At best fish vaccines (the ones in commercial use now, which have been proven to be successful) last how long?,15 days? the reason for the need for re-vaccination if the production cycle goes beyond certain periods? I am talking about memory activation throughout production cycle (which in fish lasts 6months to 2 years or more, depending on what species one is rearing)
I am aware of claims made in the literature that fish fish have memory but this claim is yet to be proved with a working vaccine against any disease to be administered once like in terrestrial animals i used as example earlier.
The antibody titres produced by fish are relatively very low, their affinity low and their diversity also very low compared to that for mammals (the number of proteins responsible for fish are far fewer). Production of fish antibodies is temperature, species and antigen dependent and that is why the CHASE is still on. This is without mentioning the effects of diets (omega 3 HUFA synthesis in freshwater vs marine species), stress level, genetic variability, age and physiological stage of the species, all of which also affect antibody production during immuno stimmulation.

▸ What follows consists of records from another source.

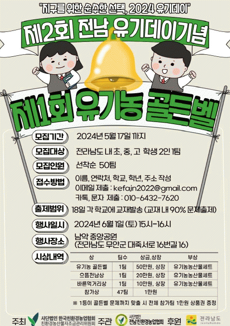 [¹Ìµð¾îÀü³² Á¦°¥´ëÁ¾ ±âÀÚ]Àü¶ó³²µµ´Â ¡®2024 À¯±â³óµ¥ÀÌ ±â³ä½Ä ¹× ģȯ°æ³ó»ê¹° Á÷°Å·¡ÀåÅÍ¡¯°¡ ¿À´Â 6¿ù 1ÀÏ ¿ÀÈÄ 2~7½Ã Àü³²µµÃ» ¾Õ ³²¾Ç Áß¾Ó°ø¿ø¿¡¼ ´Ùä·Î¿î ³»¿ëÀ¸·Î ÆîÃÄÁø´Ù°í ¹àÇû´Ù. Ä£°æ³ó¾÷´Üü´Â ¸Å³â 6¿ù 2ÀÏÀ» ¡®À¯±â¡¦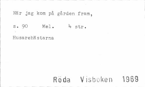 //// När jag kom på gården fram, //// s. 90 Mel. k str. Husarehästarna //// Roda Visboken 1969 ////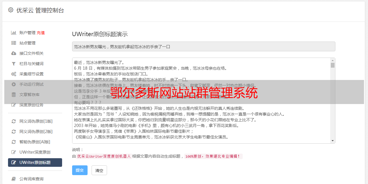 鄂尔多斯网站站群管理系统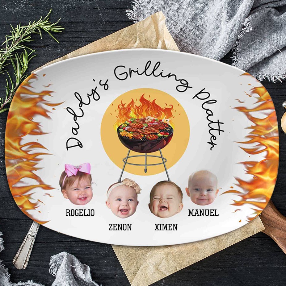 Custom Daddy's Grilling Platter With Kids Photo and Names Keepsake Father's Day Gift Ideas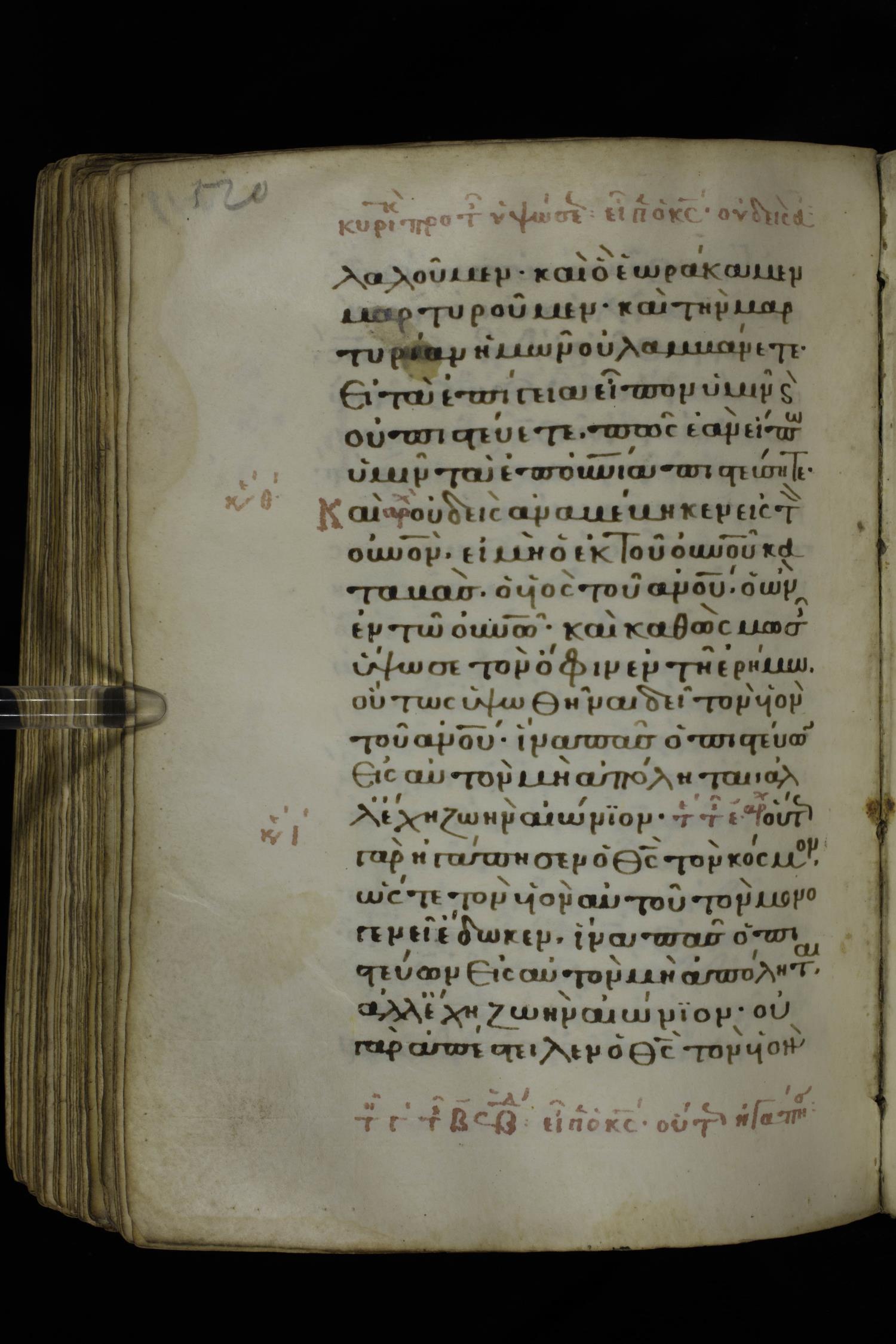 Fourteenth century minuscule of the Gospels on parchment; 332 leaves, 1 column, 21 lines per column. Images were taken at the National Library of Greece in Athens.

I may have sounded very pessimistic (or unscientific even), when I said fish have NO memory (that is far from true), but in effect I was making comparisons to mammals. If this is ignorance, then I am not alone because Prof Kim D. Thompson, a foremost vaccines expert on Atlantic salmon (University of stirling, our collaborator) still echoed this same message at our workshop 2 months ago. I believe it is for the same reason that in the literature, the phrase "fish rely more on innate than adaptive immunity" is still relevant or for that matter, the reason why the administration of multivalent vaccines to a species of fish during one production cycle is still popular. I am hoping that would change very soon because of the losses suffered in the industry due to this challenge.
Here, we bio-engineered a strain of Lactococcus lactis as a vector against vibriosis and are testing its efficacy against 4 vibrio pathogens. So far it works against 2 but we are still conducting trials, including induction of memory cells.
You have some information that we can benefit from, please feel free to share it.
Just a few remarks about memory formation in fish. There is enough evidence, that bony fish develop specific immunological memory. The success of available vaccines for salmonids is based upon this. In basic studies in the laboratory you can see, that memory can last for several months and in some cases more than a year. Of course, there are differences with mammals. In general, fish need more time (several months) to develop optimal memory. Optimal priming antigen doses are often low. The reason, that some investigators are sceptical about memory is fish, is probably the fact that too high priming doses were used an a challenge relatively early after priming (e.g. 14 days). These are schemes, that will work in mammals, but not in fish. In practice, fish should not be vaccinated at a very early age, because tolerance can be induced (see attachment). There is also an excellent review on B cell memory by Steve Kaattari (Ann. Rev. Fish Dis., 2, 161-180, 1992). He shows, that in teleosts B-cell memory is due to an increase in antigen-sensitive precursor cell pool without any of the accompanying characteristics observed in mammals such as a switch in isotype or affinity maturation.
Taken together you can say, that the possibilities for developing effective vaccines for warmwater fish (e.g. cyprinids) in India are there. However, a vaccine alone is usually not enough. A lot can be achieved as well by selecting disease resistant fish strains or simply by preventing stress in aquaculture.